Сын отмалчивался, не брухтел, неловко прихватывал за дужку дверь и не мог сладить. Значит, был уже хорош. Анна пугалась задеть сгоряча сына, в спину не выпроваживала, но, распалясь горчавым, каким-то постоянно простуженным, басом, наверное, гремела на всю деревню, а может, и за Пронею-рекой, в соседней деревеньке Тюрвишах было слыхать бабеню.
Наконец Артем выплыл на крыльцо, пришатываясь, широко разоставя длинные ноги, вгляделся в оба конца поросшей травою улицы, обвел рукою весь мир, который смог объять взглядом, и, весело щурясь, воскликнул:
– Молчи, мать! И это все мое. Я тут хозяин! Не понимаешь ты ничего, не понимаешь, потому что дура старая, отжила свое, и пора тебе в могилевскую.

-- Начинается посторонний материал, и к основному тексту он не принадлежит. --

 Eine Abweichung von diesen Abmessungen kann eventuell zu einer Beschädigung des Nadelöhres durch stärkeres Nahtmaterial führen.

А ты живешь зачем-то и ничего не петришь.
4
Как и нагадала мать, мой сон оказался в руку.
Ночью из ничего вдруг скопилась гроза, под утро выполоскало дождем.

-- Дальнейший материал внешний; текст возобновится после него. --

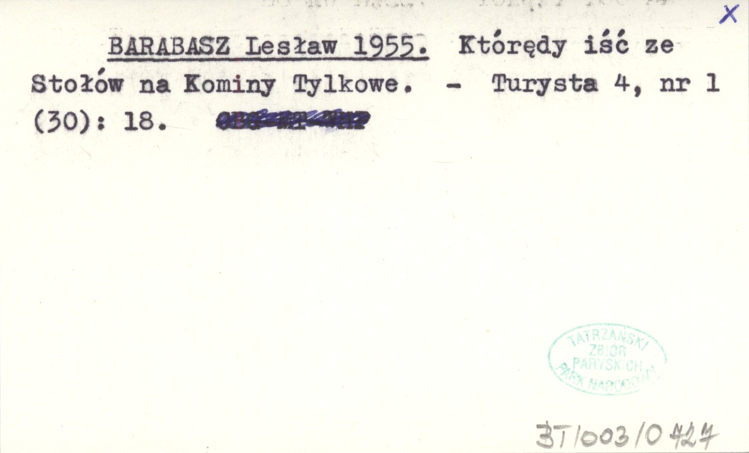 BARABASZ Lesław 1955 Którędy iść ze Stołów na Kominy Tylkowe.

Я не спал, полный какого-то радостного ожидания; словно бы я, великий немой, должен был назавтра заговорить. Так было обещано свыше.
И вот, сидя у распахнутого окна, под тонкие всхлипы и прихрапывания матери, спящей в шолнуше за ситцевой занавеской, я с надеждой вглядывался в мрак шумной грозовой ночи, которую всесильный сапожник вспарывал огненным ножом и с треском раздергивал на портища, и в этом разъеме невидимыми небесными руками торопливо меняли театральные декорации, которые я не успевал схватить глазами полностью. Они были причудливы, как замки Средневековья, и аляповаты, как католические соборы, тут же в прах и превращающиеся в клубы багрового дыма. И торопливо задвигалось небо, по аспидной плите чертили раскаленным алмазом, рассекая гранитную плоть, и с неожиданным грохотом сыпались на грешную землю огромные раскаленные булыги, опрокидывались кадки с водою, чтобы залить их.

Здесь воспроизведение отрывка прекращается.